Copyright ©1995, Gene Levinson and The World & I
Images on this Web page ©1994 by Xiaoyuan Tu of the University of Toronto.
This article originally appeared in the June 1995 issue of The World & I Magazine, a Washington Times periodical. The text of the article was posted to the comp.ai.alife and comp.ai newsgroups on July 24, 1995 by the author with the kind permission of the editors of The World & I. Web version by Craig Reynolds, last updated July 31, 1995.

Fishes of the Silicon Sea

by Gene Levinson

Self-governing artificial creatures open a new chapter in advanced robotics research.
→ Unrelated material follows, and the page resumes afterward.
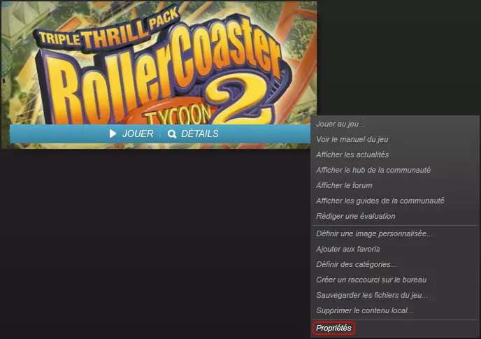 好了,您的游戏现在已准备就绪! 无法初始化图形系统 如果启动游戏时出现“Unable to initialize graphics systems”错误窗口,您很可能使用的是Windows 8系统。 首先,在您的游戏库中右键点击《过山车大亨2》,然后点击属性。

Watch how those fish behave when the school catches a glimpse of the shark,'' says my underwater guide. In a moment, a leopard shark swims into view, and the smaller fish scatter as they attempt to evade the hungry predator. Down below, a bright blue and green predator closes in on its smaller prey.

My underwater guide is Demetri Terzopoulos, professor in the artificial intelligence group at the University of Toronto and fellow of the Canadian Institute for Advanced Research. With his students, Xiaoyuan Tu, Radek Grzeszczuk, and Tamer Rabie, Terzopoulos has created an undersea arena inhabited by functional, highly capable creatures. Tu, working with her mentor for over two years on the project, has been instrumental in creating this unique marine environment.

Here we find five highly authentic species, including angelfish, butterfly fish, clown fish, surgeonfish, and leopard sharks. All the species swim with grace, propelled by muscles that flex against the opposing force of the water. The leaves of an aquatic plant sway passively in the current produced as a large butterfly fish swims by it. These marine denizens have been endowed by their creators with binocular vision, with the two eyes seeing from slightly different perspectives, just as in real fishes. Each individual has a ``brain,'' complete with species-specific internal drives, or instincts, with which to negotiate the challenges to its survival in this sometimes- violent world. The artificial brains are also capable of rudimentary learning by trial and error [see sidebar].

Virtually genuine fishes

But these creatures do not exist in three-dimensional space, the undersea world has no reality, and behaviors, though lifelike, are not intended to precisely mimic those of a particular species. Instead, each creature has a virtual existence, being represented by patterns of electrons racing through the silicon circuitry of a small but powerful computer.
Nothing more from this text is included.